- INFORMATION SUPPLIED:

------------------------------

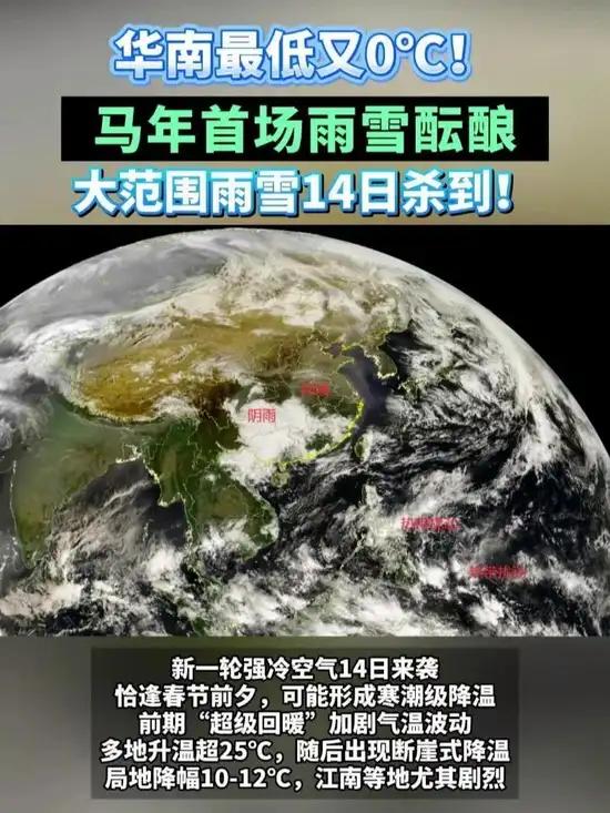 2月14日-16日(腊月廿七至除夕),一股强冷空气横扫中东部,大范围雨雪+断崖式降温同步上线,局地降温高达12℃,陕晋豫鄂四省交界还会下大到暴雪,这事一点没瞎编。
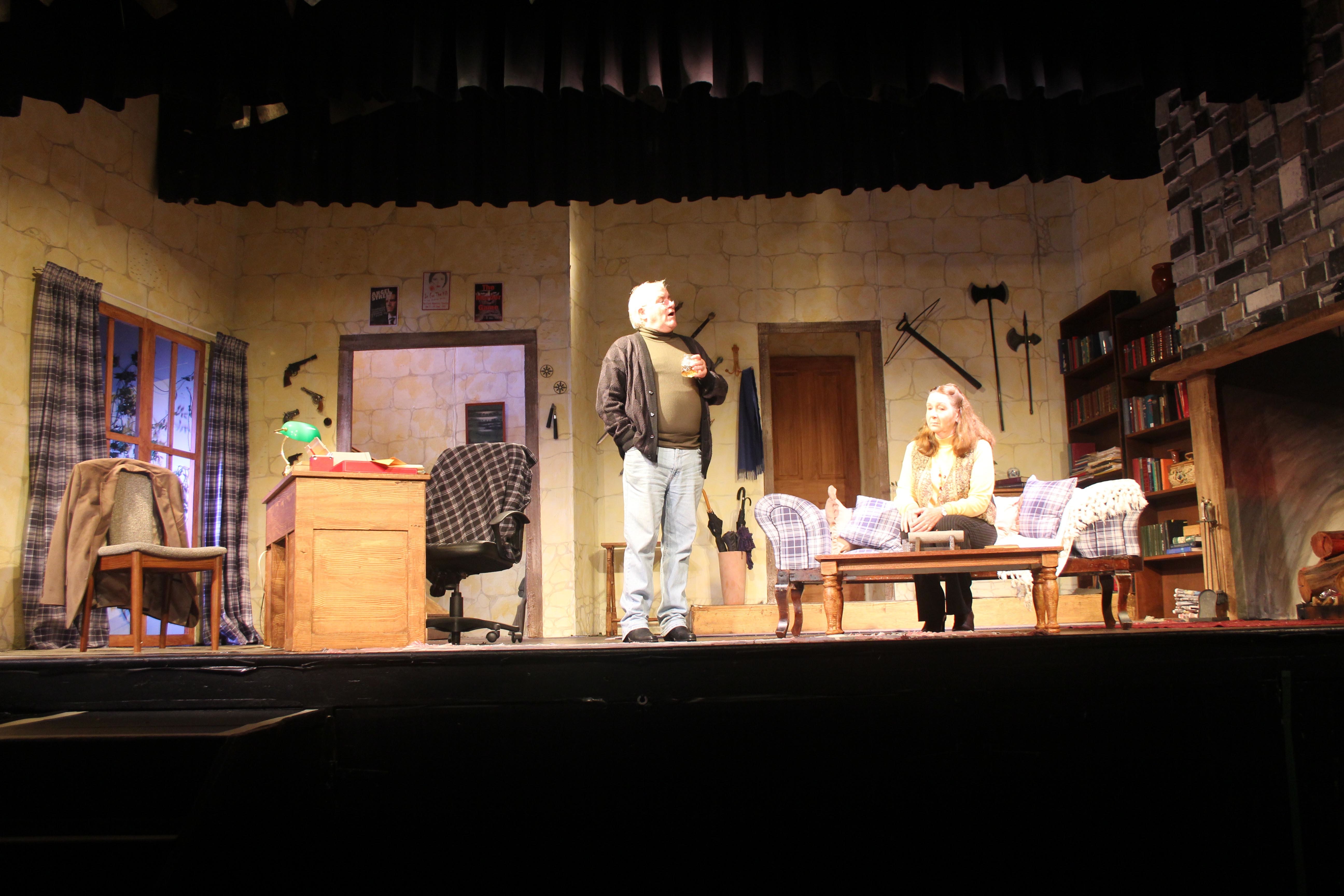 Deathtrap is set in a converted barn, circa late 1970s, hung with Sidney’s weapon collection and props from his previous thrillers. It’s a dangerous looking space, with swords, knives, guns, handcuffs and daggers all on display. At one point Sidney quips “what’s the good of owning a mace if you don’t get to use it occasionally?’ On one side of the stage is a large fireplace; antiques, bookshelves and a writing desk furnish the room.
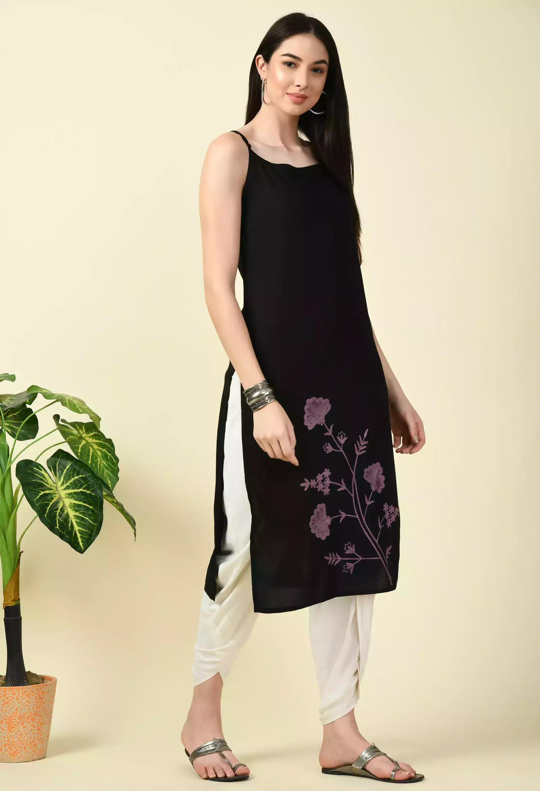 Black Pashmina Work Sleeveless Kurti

------------------------------

- WHAT YOU ARE ASKED TO DO: Write out the material above once more, word for word. Images stay out.

- TASK RESPONSE:
 2月14日-16日(腊月廿七至除夕),一股强冷空气横扫中东部,大范围雨雪+断崖式降温同步上线,局地降温高达12℃,陕晋豫鄂四省交界还会下大到暴雪,这事一点没瞎编。
 Deathtrap is set in a converted barn, circa late 1970s, hung with Sidney’s weapon collection and props from his previous thrillers. It’s a dangerous looking space, with swords, knives, guns, handcuffs and daggers all on display. At one point Sidney quips “what’s the good of owning a mace if you don’t get to use it occasionally?’ On one side of the stage is a large fireplace; antiques, bookshelves and a writing desk furnish the room.
 Black Pashmina Work Sleeveless Kurti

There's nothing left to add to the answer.